まさか、ぽっちゃり君の見た目20代……しかもエルフが出て来るとはね。
何か、良く判らないけど、エルフってスリムなイメージあったのに、白ポチャが居るとは凄く驚きだよ。
身体も洗い終わり、温泉に入ると、
「フォーーー! こ、これは効っくーーーー!」
と変な雄叫びを挙げる白ポチャエルフ。
そして湯船の中で、この残念エルフと色々と話をするのであった。
どうやら、亜人という事でちょっとした差別と、ポチャっとした体型でイジられてしまい、それが元でコミュ障になってしまったと。
更に、好きで信じ切って居た女性には、手痛い仕打ちを受けて身包みを剥がされてしまい、完全に心が折れてしまったと。
ふむ……なるほど。俺にも納得の理由だ。何せ同じ経験あるからね。
「そうか、コナン、お前もか。 解るぞ、同志よ。 詳しくは言わないが、俺にも同じ様な経験があるんだよ。

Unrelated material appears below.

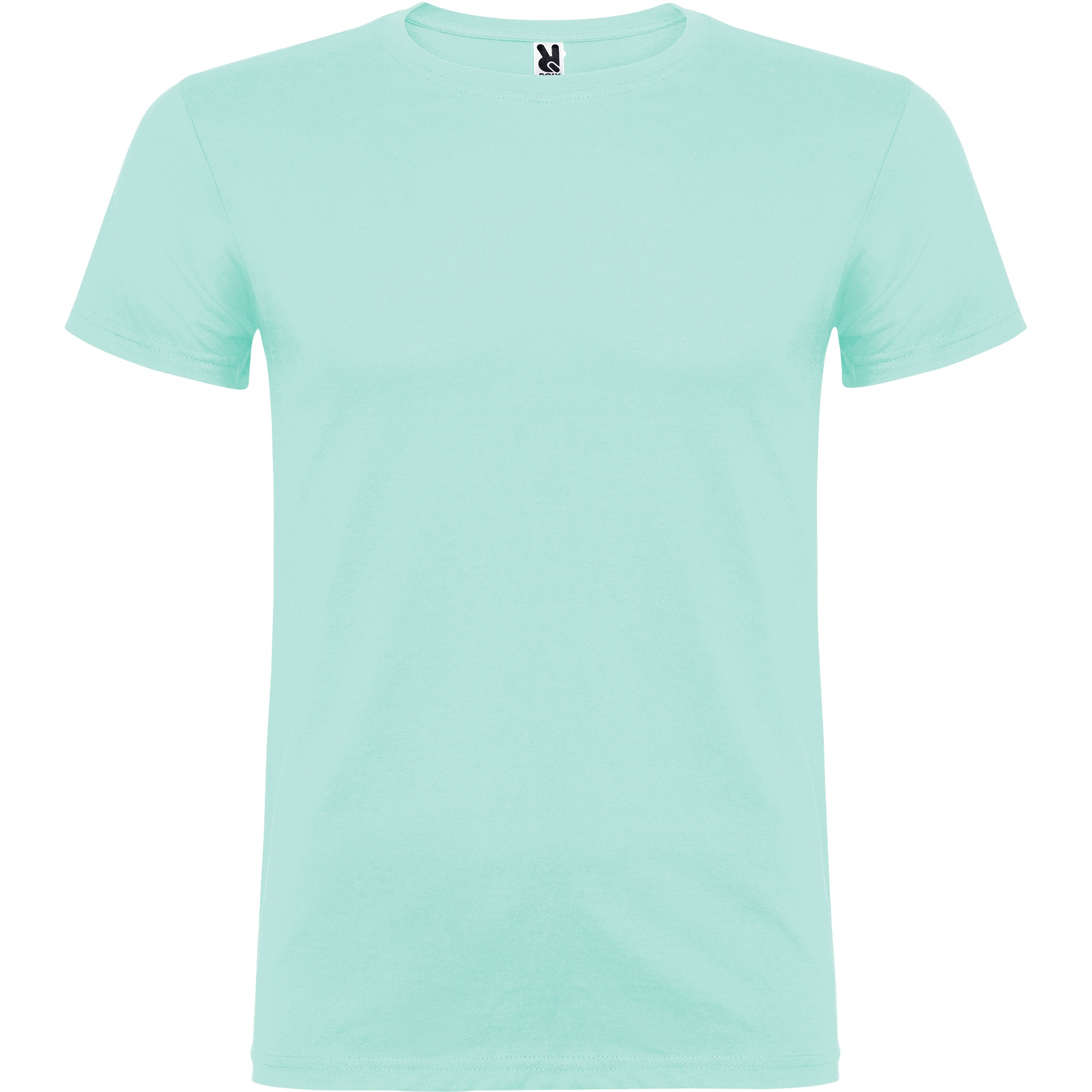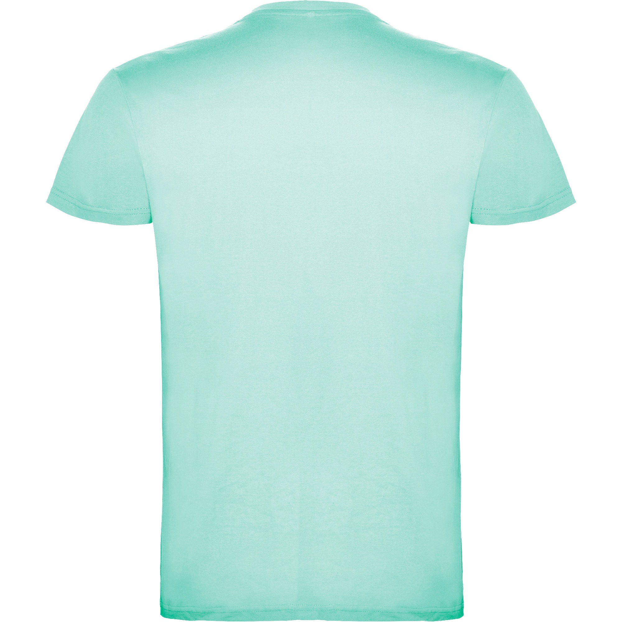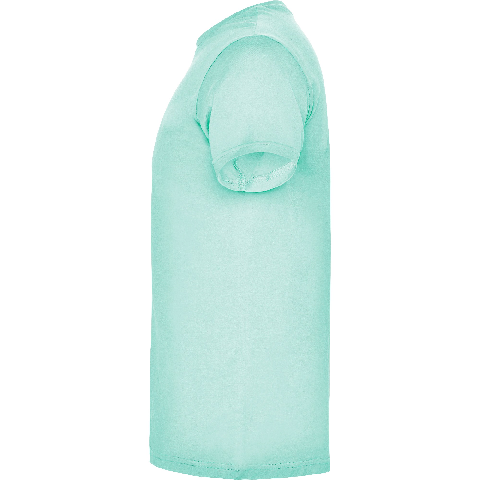 T-shirt tubolare a maniche corte in taglie da adulto e con cuciture laterali in taglie da bambino. Girocollo a coste 1×1. Scollo nastrato in tessuto coordinato.
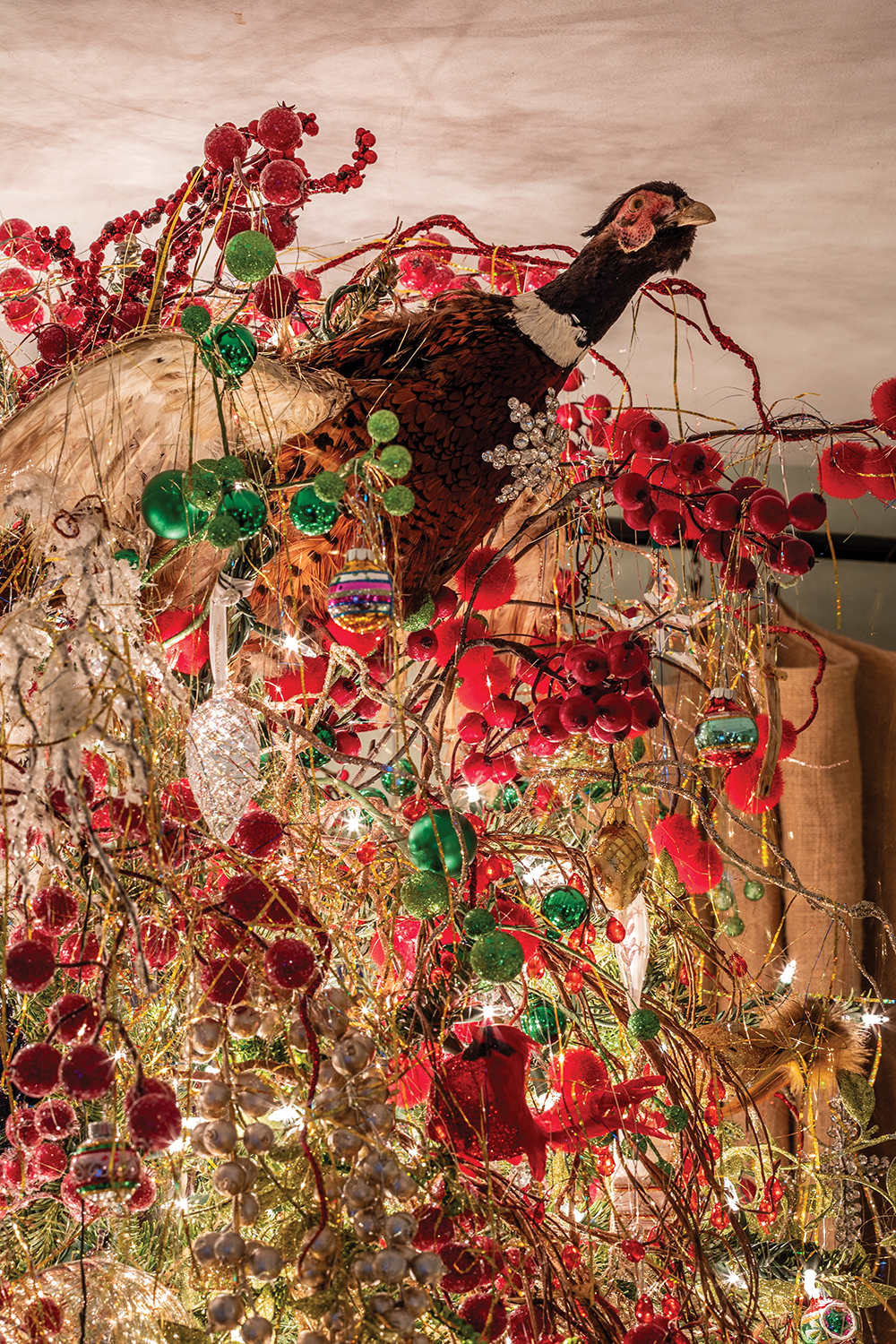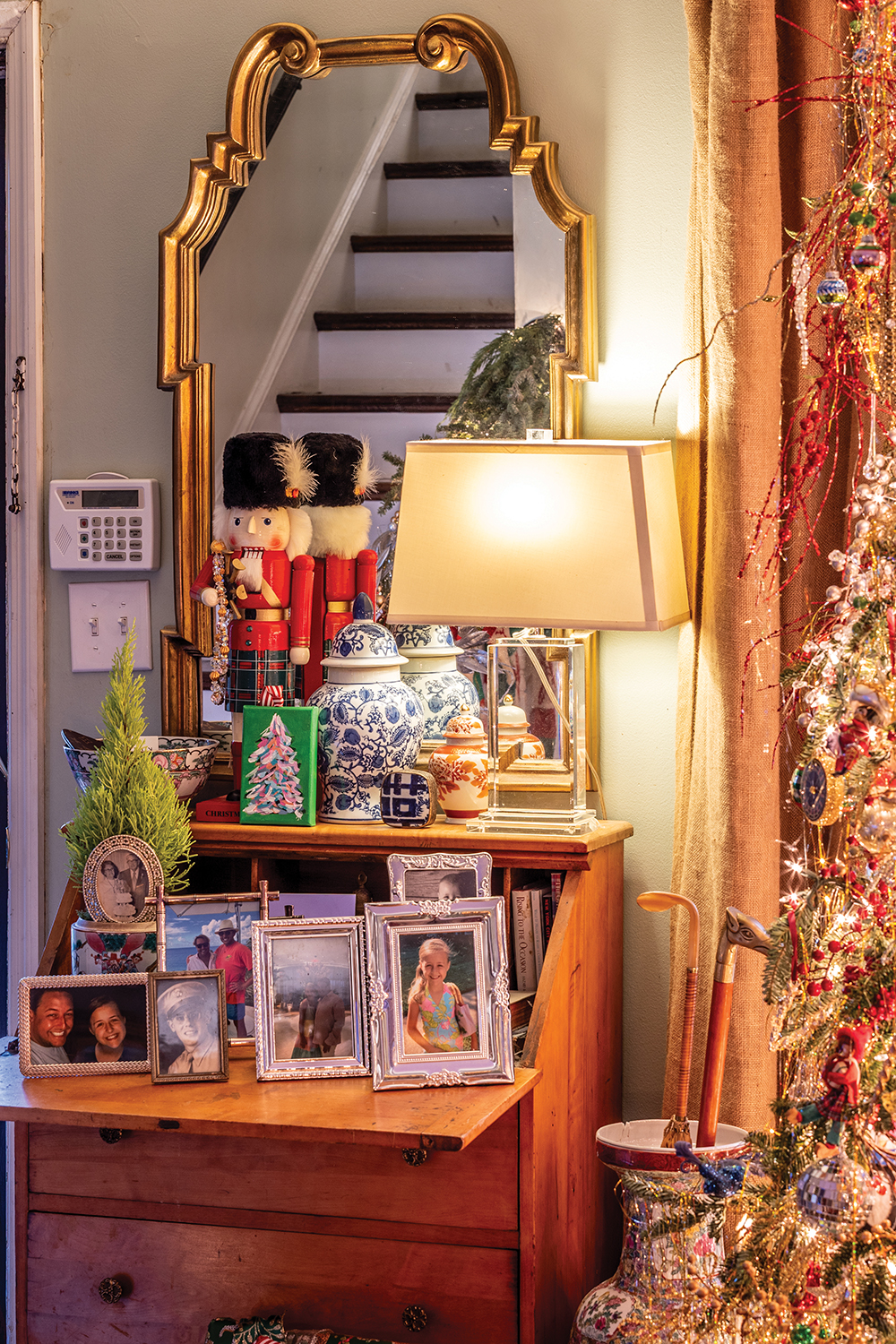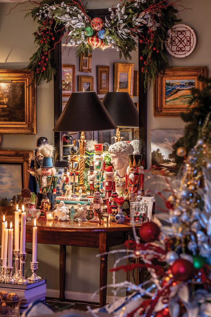A pheasant peeks from the top of the tree, one of many in the home. An antique table displays a collection of nutcrackers that Overby has found over time. Above the mirror is a garland with a mix of natural greens and glittering accents.

でもな。人は生きて行かねばならん。生きて行くには、まず食う、そして生きて行く上での楽しみを持たないと。
俺の場合は、食だ! そして旅行。 温泉もだ! これが俺の趣味であり、生きて行く上で必要な事だ。
一番の復讐は、コナン、君が殻に引き篭もるのではなく、活き活きと幸せに暮らして行く事だと思う。

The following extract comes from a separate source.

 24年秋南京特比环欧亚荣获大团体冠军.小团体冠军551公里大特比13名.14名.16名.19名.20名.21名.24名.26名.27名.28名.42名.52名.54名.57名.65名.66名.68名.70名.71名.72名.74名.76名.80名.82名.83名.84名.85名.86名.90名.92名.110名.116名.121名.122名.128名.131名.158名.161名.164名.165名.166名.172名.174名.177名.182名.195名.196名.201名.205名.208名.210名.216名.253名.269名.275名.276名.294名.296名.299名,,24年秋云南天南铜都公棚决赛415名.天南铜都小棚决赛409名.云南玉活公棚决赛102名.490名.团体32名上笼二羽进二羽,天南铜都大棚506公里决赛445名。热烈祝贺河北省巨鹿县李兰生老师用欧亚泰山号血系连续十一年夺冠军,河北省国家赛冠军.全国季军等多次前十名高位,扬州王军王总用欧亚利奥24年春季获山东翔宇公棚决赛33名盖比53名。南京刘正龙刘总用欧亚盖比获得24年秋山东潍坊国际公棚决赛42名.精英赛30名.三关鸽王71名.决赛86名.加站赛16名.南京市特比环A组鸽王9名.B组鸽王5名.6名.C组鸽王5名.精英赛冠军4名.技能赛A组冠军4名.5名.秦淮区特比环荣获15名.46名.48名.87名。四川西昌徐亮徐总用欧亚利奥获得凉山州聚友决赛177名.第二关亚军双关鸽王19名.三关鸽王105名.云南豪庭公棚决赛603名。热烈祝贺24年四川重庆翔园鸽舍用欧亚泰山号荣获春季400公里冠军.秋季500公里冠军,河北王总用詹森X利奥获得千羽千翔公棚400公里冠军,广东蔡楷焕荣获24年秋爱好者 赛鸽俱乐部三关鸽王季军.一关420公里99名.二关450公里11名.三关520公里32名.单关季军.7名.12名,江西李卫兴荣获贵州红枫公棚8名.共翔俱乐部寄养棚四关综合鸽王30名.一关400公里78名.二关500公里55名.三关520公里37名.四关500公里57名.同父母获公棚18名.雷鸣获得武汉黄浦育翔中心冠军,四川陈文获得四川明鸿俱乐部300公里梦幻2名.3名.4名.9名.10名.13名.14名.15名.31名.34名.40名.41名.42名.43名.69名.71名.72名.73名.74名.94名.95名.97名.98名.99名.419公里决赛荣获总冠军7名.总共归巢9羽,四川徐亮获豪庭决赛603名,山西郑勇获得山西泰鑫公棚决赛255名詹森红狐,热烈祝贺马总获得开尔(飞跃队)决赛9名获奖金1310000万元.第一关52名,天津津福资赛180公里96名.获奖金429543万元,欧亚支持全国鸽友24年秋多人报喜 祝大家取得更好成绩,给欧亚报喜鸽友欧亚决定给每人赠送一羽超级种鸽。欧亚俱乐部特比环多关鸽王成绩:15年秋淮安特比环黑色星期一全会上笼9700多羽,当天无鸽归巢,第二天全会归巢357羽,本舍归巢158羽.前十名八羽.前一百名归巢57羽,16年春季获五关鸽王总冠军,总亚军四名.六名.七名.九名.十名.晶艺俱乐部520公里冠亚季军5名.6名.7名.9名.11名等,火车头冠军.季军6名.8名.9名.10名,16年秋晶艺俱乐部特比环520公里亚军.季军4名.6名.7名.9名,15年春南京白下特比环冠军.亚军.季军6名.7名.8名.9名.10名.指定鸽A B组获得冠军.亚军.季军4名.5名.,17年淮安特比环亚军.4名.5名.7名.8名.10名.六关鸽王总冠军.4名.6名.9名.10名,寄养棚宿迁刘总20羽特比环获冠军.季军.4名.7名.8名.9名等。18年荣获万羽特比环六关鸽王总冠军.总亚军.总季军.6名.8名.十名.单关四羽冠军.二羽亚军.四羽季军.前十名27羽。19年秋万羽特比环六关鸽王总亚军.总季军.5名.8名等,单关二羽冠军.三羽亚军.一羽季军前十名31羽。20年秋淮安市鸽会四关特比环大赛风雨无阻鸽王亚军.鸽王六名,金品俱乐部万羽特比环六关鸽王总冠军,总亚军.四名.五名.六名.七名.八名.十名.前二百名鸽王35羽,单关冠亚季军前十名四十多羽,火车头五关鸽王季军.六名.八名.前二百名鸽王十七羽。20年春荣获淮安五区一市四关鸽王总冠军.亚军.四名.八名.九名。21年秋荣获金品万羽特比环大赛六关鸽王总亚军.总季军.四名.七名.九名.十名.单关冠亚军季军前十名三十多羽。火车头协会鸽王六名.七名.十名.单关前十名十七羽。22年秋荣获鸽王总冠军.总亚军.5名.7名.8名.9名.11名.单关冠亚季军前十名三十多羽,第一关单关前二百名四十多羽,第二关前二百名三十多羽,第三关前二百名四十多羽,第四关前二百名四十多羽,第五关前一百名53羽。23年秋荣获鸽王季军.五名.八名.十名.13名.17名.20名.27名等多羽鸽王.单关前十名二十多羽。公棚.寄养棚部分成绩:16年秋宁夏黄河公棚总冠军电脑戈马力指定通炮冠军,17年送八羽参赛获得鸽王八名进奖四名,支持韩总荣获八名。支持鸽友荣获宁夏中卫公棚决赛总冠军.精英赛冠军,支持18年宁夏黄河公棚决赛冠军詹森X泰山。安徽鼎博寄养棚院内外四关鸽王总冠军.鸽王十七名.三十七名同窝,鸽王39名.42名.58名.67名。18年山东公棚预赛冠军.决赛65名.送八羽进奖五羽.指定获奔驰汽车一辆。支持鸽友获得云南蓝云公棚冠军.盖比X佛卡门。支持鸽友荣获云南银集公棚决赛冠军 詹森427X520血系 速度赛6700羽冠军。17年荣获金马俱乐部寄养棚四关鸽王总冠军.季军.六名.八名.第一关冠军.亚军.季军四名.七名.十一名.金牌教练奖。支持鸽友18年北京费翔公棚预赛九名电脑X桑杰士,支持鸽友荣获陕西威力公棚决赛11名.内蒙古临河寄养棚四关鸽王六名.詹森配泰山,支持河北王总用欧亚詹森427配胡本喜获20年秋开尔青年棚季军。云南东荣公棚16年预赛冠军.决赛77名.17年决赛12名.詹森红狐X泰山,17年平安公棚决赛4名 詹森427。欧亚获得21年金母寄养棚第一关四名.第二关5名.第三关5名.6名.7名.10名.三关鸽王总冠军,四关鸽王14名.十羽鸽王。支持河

まあ、健康の為に、少し痩せる方が良いと思うけど、五体満足で健康なら良いじゃないか。
そんな事で裏切る様な女なんかこっちから突き放してやれよ! さあ、俺達と一緒にみんなで幸せを謳歌しようぜ!」
と俺は柄にも無く熱く語ってしまった。
言った後にハッとして、思わず照れながら、
「まあ、そんな偉そうな事を言える程に俺も吹っ切れては居ないんだけどね。
俺も一時期、引き篭もってたからねぇ。君には負けるけど。」
そして、
「まあ、急に現れて、イキナリは無理かもしれないけど、まずは同じ様な経験をした同志って事で友達になろうよ。」
と俺が言うと。
「そうか、ケンジ君も同じ経験があるのか。のか? なかなか人は見かけによらないって事だな。そうか……同志か。」
と呟きながら、暫く考えた後、「それも悪く無いかも……」と言っていた。
「幸いな事に俺の拠点に集まった奴らって、みんな似た様に酷い目にあった連中でね、人の心の痛みが分かる連中だよ。

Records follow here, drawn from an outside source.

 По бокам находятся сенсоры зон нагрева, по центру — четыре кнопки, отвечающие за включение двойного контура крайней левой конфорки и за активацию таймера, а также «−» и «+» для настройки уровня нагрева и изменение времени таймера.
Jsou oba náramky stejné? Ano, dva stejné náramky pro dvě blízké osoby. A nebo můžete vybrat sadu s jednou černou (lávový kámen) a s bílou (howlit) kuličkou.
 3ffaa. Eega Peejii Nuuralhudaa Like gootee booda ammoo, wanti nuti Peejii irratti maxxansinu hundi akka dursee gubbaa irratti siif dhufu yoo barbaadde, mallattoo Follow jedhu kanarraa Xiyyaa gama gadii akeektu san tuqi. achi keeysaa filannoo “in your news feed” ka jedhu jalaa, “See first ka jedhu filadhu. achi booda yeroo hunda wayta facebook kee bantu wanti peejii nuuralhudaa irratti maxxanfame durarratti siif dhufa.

どうせ引き篭もるんなら、うちの拠点に来ないか? 美味しい食べ物もあるし、温泉だってあるぞ?
やっぱり、たまには誰かと話したり、一緒に笑える仲間が居る方が、楽しいぞ?
まあ、直ぐには返事しなくても良いけど、考えてみて欲しい。」
「わ、判った。」
と呟いていた。
湯船から上がって、休憩室で、冷たいミルクを飲みながら、ホッと一息ついたのだった。